For more details, refer to the [OpenAI Reasoning Models Guide](https://platform.openai.com/docs/guides/reasoning).


## Purchase and Store API Key

You need to **purchase** your [OpenAI](https://openai.com/) API key and store it securely, such as in **AWS Secrets Manager**.

- **Key Name:** `api_key`  
- **Key Value:** `<your OpenAI API key>`  
- **Secret Name:** `openai`  

## Install Python Libraries

- **openai**: Used to call `o1` and `GPT` models for data analysis and image interpretation.

In [1]:
pip install openai -q

Note: you may need to restart the kernel to use updated packages.


## Import Required Libraries

The following libraries are used in this notebook:

- **boto3**: AWS SDK for Python, used to interact with AWS services.
- **json**: Standard Python library for handling JSON data.
- **IPython.display**: Provides tools to display images, Markdown content, and other rich media in Jupyter Notebook.
- **openai**: Used to call `o1` and `GPT` models for data analysis and image interpretation.
- **pandas**: A powerful library for data manipulation and analysis.
- **pprint**: Pretty prints data structures for better readability.

In [2]:
import boto3
import json
from IPython.display import display, Image, Markdown
from openai import OpenAI
import pandas as pd
from pprint import pprint

## Retrieve API Keys Securely from AWS Secrets Manager

The following function, `get_secret()`, retrieves a secret from **AWS Secrets Manager**. This is a secure way to store and access sensitive credentials, such as API keys, without hardcoding them into the script

In [3]:
def get_secret(secret_name):
    region_name = "us-east-1"

    # Create a Secrets Manager client
    session = boto3.session.Session()
    client = session.client(
        service_name='secretsmanager',
        region_name=region_name
    )

    try:
        get_secret_value_response = client.get_secret_value(
            SecretId=secret_name
        )
    except ClientError as e:
        raise e

    secret = get_secret_value_response['SecretString']
    
    return json.loads(secret)

## Initialize OpenAI Client

The following code initializes the OpenAI client using a securely stored API key retrieved from AWS Secrets Manager.

In [4]:
client = OpenAI(api_key= get_secret('openai')['api_key'])
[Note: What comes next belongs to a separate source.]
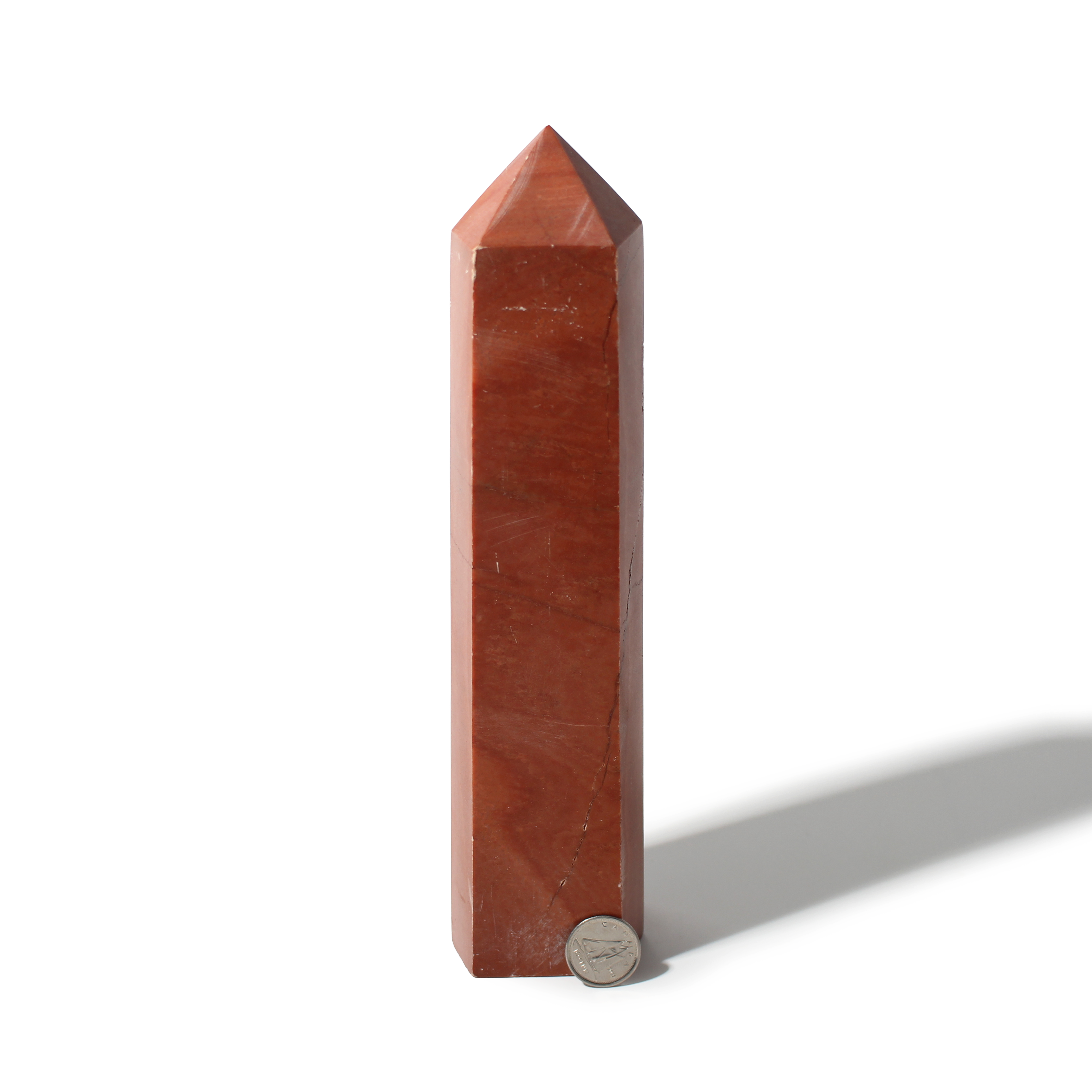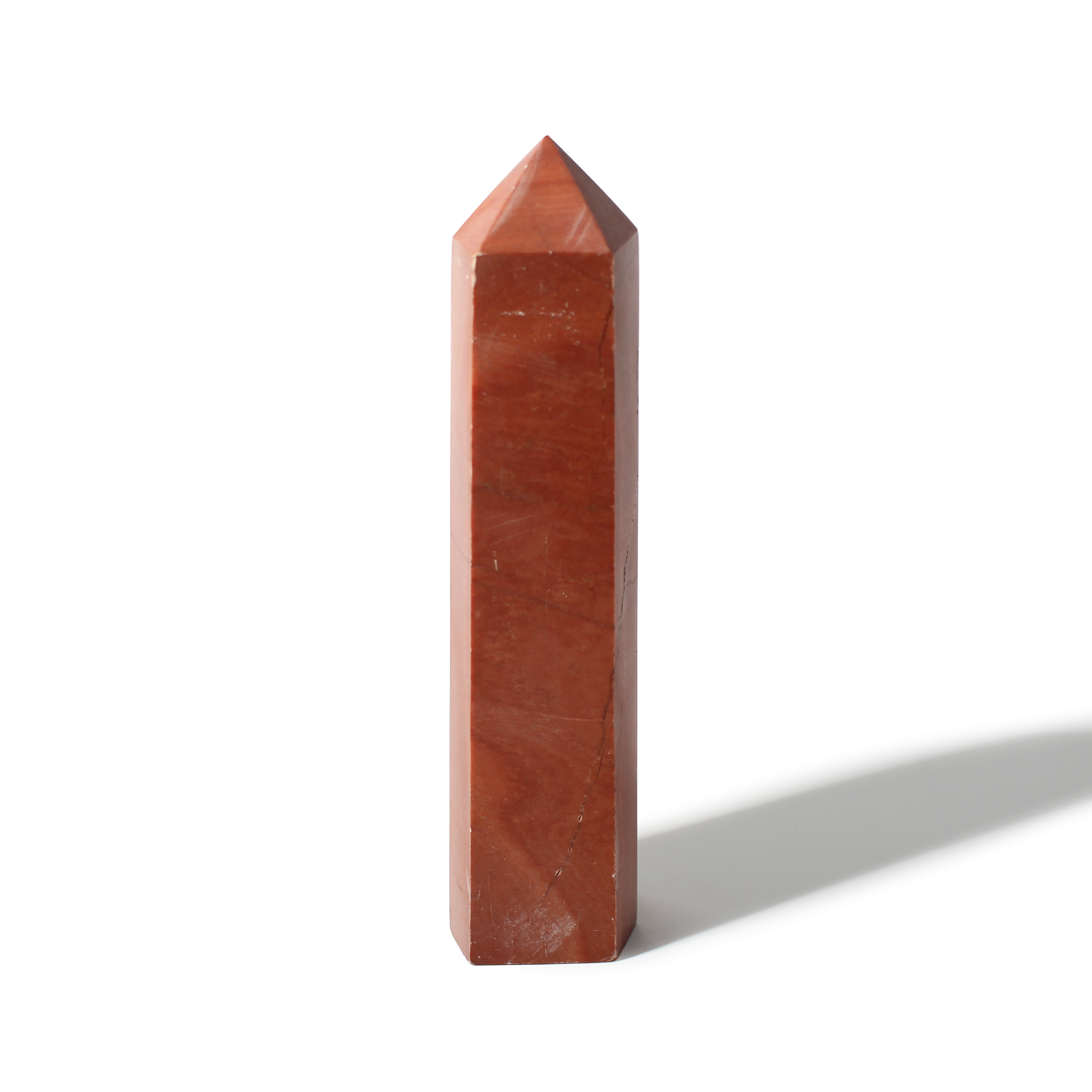 This 8" Red Jasper Generator showcases bold brick-red tones with natural patterns and a solid, polished point. Grounding and powerful, it brings strength and stability to any space.

## Load and Analyze the Diamonds Dataset

This notebook uses the **diamonds dataset ([diamonds.csv](https://github.com/lbsocial/data-analysis-with-generative-ai/blob/main/diamonds.csv))**, which contains detailed attributes of diamonds, including weight, color, clarity, and price.

One interesting pattern in the dataset is that **diamonds with "IF" (Internally Flawless) clarity tend to have the lowest average price** compared to other clarity grades. This observation is counterintuitive, as one might expect the highest-clarity diamonds to be the most expensive.

In [6]:
df = pd.read_csv('full_asylum_apps_copy.csv')
data_json = df.to_json(orient="records")
df.head()

Unnamed: 0,Country,Year,Count,Accepted
0,France,2008,31760,5150
1,France,2009,35295,5055
2,France,2010,37610,5100
3,France,2011,42215,4620
4,France,2012,59805,8640


## Generate Data Analysis Prompt for OpenAI Model

To investigate why diamonds with **IF (Internally Flawless) clarity** have the **lowest average price**, we generate a structured prompt for the OpenAI model. The model will analyze the dataset and generate insights, including **Python code for visualizations**.


In [7]:
data_prompt = f"Analyze the provided data and determine how France and Germany fluctuate in accepting asylum applicants. Provide Python-generated charts to support your conclusion. Data: {data_json}"
# print(prompt)

## Define a Function to Get Assistance from OpenAI GPT-4o

The following function, `openai_gpt_help()`, sends a prompt to OpenAI's **GPT-4o model** and returns a response. It also prints the number of tokens used in the request.

In [8]:
def openai_gpt_help(prompt):
    messages = [{"role": "user", "content": prompt}]
    response = client.chat.completions.create(
        model='gpt-4o',
        messages=messages,
        temperature = 0
    )
    token_usage = response.usage
    
    pprint(f"Tokens used: {token_usage}")

    return response.choices[0].message.content

In [14]:
gpt_result = openai_gpt_help(prompt=data_prompt)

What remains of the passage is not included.